Mang Andreas, Ruthotto Lars
Institute for Computational Engineering and Sciences, University of Texas at Austin, Austin, Texas, USA. (AM is now with the Department of Mathematics at the University of Houston).
Department of Mathematics and Computer Science, Emory University, Atlanta, Georgia, USA.
SIAM J Sci Comput. 2017;39(5):B860-B885. doi: 10.1137/17M1114132. Epub 2017 Sep 26.

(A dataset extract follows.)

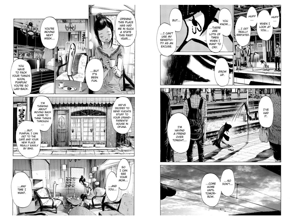 This is Punpun Onodera’s coming-of-age story. His parents’ marriage is falling apart. His dad goes to jail, and his mom goes to the hospital. He has to live with his loser uncle. He has a crush on a girl who lives in a weird cult. Punpun tries talking with God about his problems, but God is a jerk. Punpun keeps hoping things will get better, but they really, really don’t.

We present an efficient solver for diffeomorphic image registration problems in the framework of (LDDMM). We use an optimal control formulation, in which the velocity field of a hyperbolic PDE needs to be found such that the distance between the final state of the system (the transformed/transported template image) and the observation (the reference image) is minimized. Our solver supports both stationary and non-stationary (i.e., transient or time-dependent) velocity fields. As transformation models, we consider both the transport equation (assuming intensities are preserved during the deformation) and the continuity equation (assuming mass-preservation). We consider the reduced form of the optimal control problem and solve the resulting unconstrained optimization problem using a discretize-then-optimize approach. A key contribution is the elimination of the PDE constraint using a Lagrangian hyperbolic PDE solver. Lagrangian methods rely on the concept of characteristic curves. We approximate these curves using a fourth-order Runge-Kutta method. We also present an efficient algorithm for computing the derivatives of the final state of the system with respect to the velocity field. This allows us to use fast Gauss-Newton based methods. We present quickly converging iterative linear solvers using spectral preconditioners that render the overall optimization efficient and scalable. Our method is embedded into the image registration framework FAIR and, thus, supports the most commonly used similarity measures and regularization functionals. We demonstrate the potential of our new approach using several synthetic and real world test problems with up to 14.7 million degrees of freedom.
我们提出了一种在(LDDMM)框架下用于微分同胚图像配准问题的高效求解器。我们采用最优控制公式,其中需要找到一个双曲型偏微分方程的速度场,以使系统的最终状态(变换/传输后的模板图像)与观测值(参考图像)之间的距离最小化。我们的求解器支持平稳和非平稳(即瞬态或与时间相关)速度场。作为变换模型,我们既考虑传输方程(假设在变形过程中强度保持不变),也考虑连续性方程(假设质量守恒)。我们考虑最优控制问题的简化形式,并使用先离散后优化的方法来求解由此产生的无约束优化问题。一个关键贡献是使用拉格朗日双曲型偏微分方程求解器消除偏微分方程约束。拉格朗日方法依赖于特征曲线的概念。我们使用四阶龙格 - 库塔方法来近似这些曲线。我们还提出了一种用于计算系统最终状态相对于速度场的导数的高效算法。这使我们能够使用基于快速高斯 - 牛顿的方法。我们提出了使用谱预条件器的快速收敛迭代线性求解器,使整体优化高效且可扩展。我们的方法被嵌入到图像配准框架FAIR中,并因此支持最常用的相似性度量和正则化泛函。我们使用几个具有高达1470万自由度的合成和实际测试问题展示了我们新方法的潜力。